╔══
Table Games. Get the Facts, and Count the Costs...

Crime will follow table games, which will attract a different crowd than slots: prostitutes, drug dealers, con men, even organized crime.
╚══
╔══
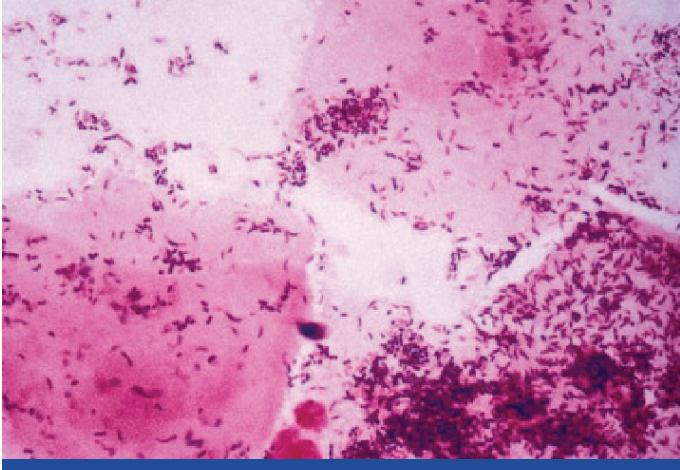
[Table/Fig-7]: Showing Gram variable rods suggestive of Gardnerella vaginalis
╚══
╔══
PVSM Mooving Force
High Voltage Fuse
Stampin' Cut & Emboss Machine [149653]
╚══
What to work on: Among the entries above, the lines between the ones containing "PVSM Mooving Force" and "Stampin' Cut & Emboss Machine [149653]", inclusive, are to be transcribed exactly. No other line is to be given.

Exercise solution:
PVSM Mooving Force
High Voltage Fuse
Stampin' Cut & Emboss Machine [149653]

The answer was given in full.